The First-Sale Doctrine, Copyright, and My Livelihood

The other day I wrote some thing about hosting a book sale, hit publish, and moved on with my life. At some point shortly thereafter, Excellent Blogger Ben (who is not quite as excellent as Excellent Blogger Trevor, who recently earned himself a link from Andrew Sullivan, because his minions read us and adore us) chimed in on Ye Olde Gchat, saying, effectively, “Yo, dude. You should change that Marc guy’s name to something else so he doesn’t get in trouble.”

“Why would he get in trouble?” I queried.

“Because he gave you all those as-of-yet-unpublished books,” Excellent Blogger Ben replied.

I changed the name to Jack. But Jack’s not his real name. His real name is Marc. Marc came by work a few days after the aforementioned book sale to hang out, because he’s kind of lonely, and we chatted and I smoked cigarettes, and at one point the discussion veered to the uncorrected proofs he’d given me and that I’d been trying to sell. “But, I can’t really list those online, can I?” I said. “They say right on them that they’re not for sale.”

To this Marc smiled and said, “I could write ‘NOT FOR RESALE’ on my sneakers, but that wouldn’t have any legal impact. You could still buy them.” He went on. “The publishing houses give these things out for free — these galleys, these uncorrected proofs.
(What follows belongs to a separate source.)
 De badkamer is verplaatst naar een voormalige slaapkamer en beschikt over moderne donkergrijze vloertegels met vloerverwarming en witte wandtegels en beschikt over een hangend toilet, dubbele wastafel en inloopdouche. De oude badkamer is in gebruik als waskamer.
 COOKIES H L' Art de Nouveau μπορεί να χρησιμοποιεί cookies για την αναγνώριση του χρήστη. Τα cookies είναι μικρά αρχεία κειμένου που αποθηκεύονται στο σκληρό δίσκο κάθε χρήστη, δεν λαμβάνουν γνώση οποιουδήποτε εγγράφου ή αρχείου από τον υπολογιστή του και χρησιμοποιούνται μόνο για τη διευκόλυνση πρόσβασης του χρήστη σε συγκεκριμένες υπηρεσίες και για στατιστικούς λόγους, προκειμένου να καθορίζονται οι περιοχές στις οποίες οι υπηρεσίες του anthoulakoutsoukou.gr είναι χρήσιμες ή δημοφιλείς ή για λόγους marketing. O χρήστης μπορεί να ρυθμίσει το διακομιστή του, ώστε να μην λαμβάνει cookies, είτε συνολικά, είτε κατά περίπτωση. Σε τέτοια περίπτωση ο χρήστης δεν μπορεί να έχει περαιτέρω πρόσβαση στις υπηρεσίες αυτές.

They send them out to reviewers hoping someone will read it, write about it, and give it thousands and thousands of dollars worth of free advertising. When they say it’s not for sale, they’re just hoping that those words will scare you enough that you never think about selling it.”

“So I can sell them?”

“Sure,” Marc said. “But Amazon won’t let you. They’d just be pissing off the publishers. Why would they want to do that?”
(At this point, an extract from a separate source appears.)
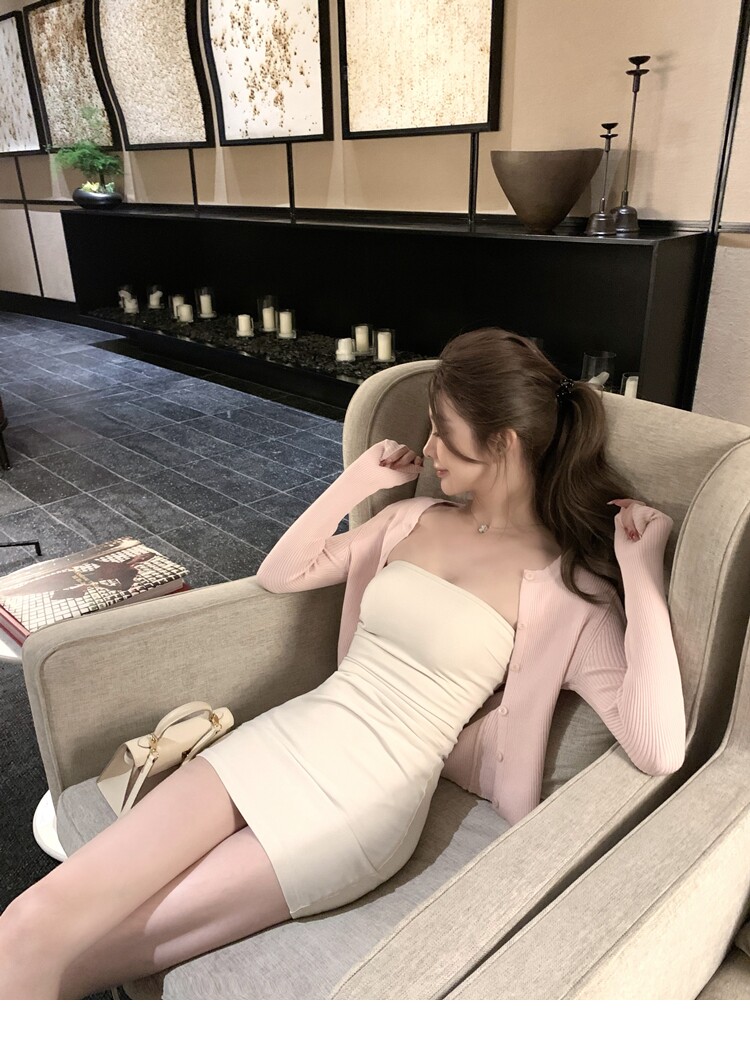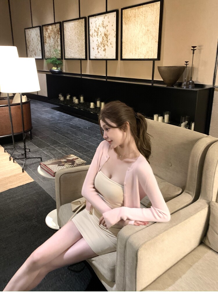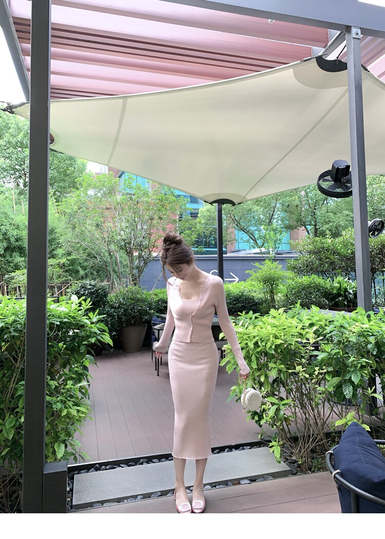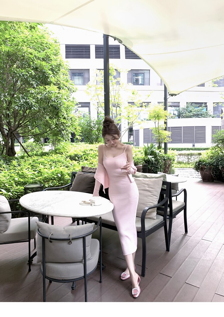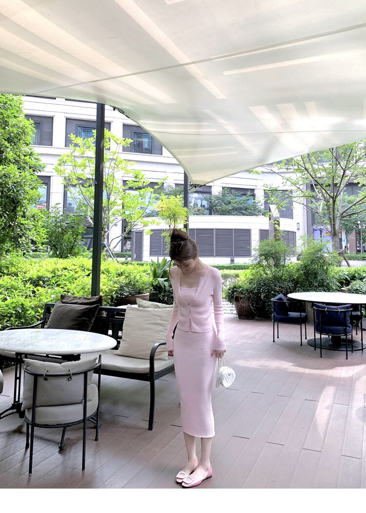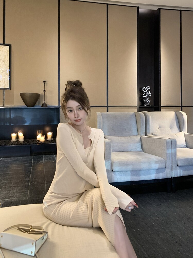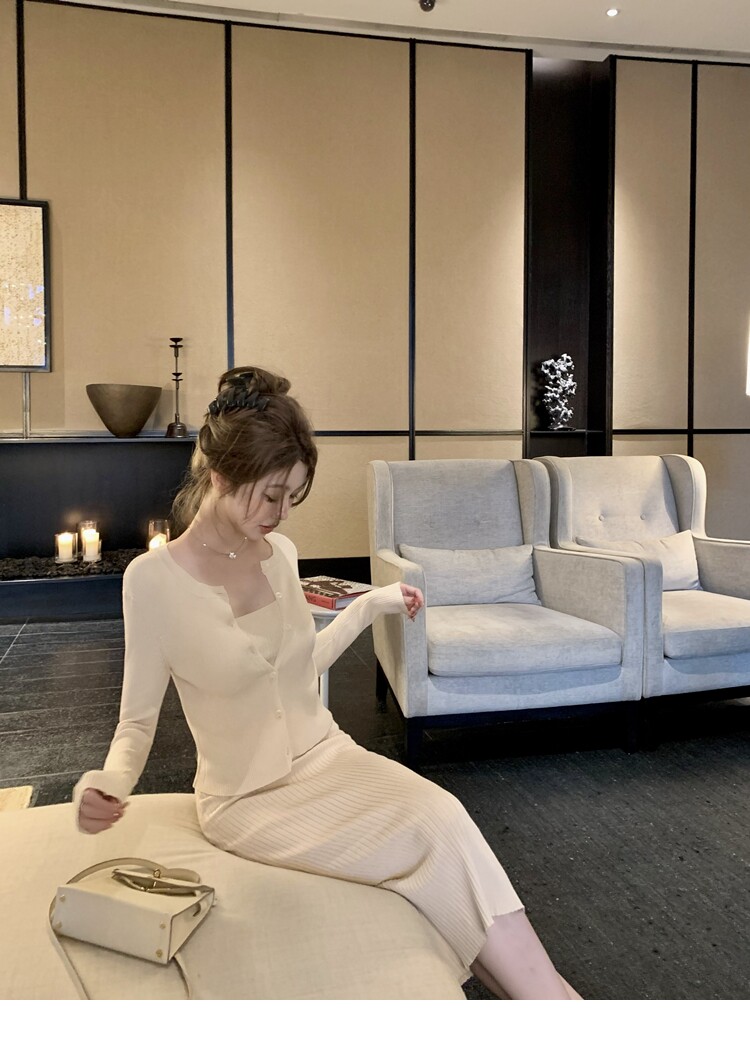 【溫香軟玉】柔軟紗線圓領開衫吊帶針織長裙套裝

Today, Yglesias points me to the case law to back it up. Turns out, way back in 1908 Bobbs-Merrill Co. v.. Straus established the legal precedent that had long been the common law understanding of copyright, and that the Copyright Act of 1976 codified the the Supreme Court’s ruling into law. As Yglesias puts it, with regard to movie rentals:

By modern standards, DVD rentals ought to be illegal. After all, the prevailing wisdom in the United States is that copying a file you don’t have permission to copy is a form of stealing. It deserves to be called “stealing,” according to the prevailing wisdom, because even though nobody has lost a physical object a rights-holder has been deprived of potential licensing fees. When you rent a DVD — or, heaven forbid, borrow one from a friend — you are depriving the rights-holder of potential licensing fees every bit as much as if you copied a digital file. Fortunately for Redbox, though, we have a longstanding legal doctrine in this country called the “First Sale Doctrine,” which says that once you buy a physical object, you’re entitled to do what you want with it. Thus, back in the heyday of the VCR, movie studios faced a stark choice. Either don’t make a videotape of your movie, or else accept that video rental stores can buy your tapes and rent them out to customers.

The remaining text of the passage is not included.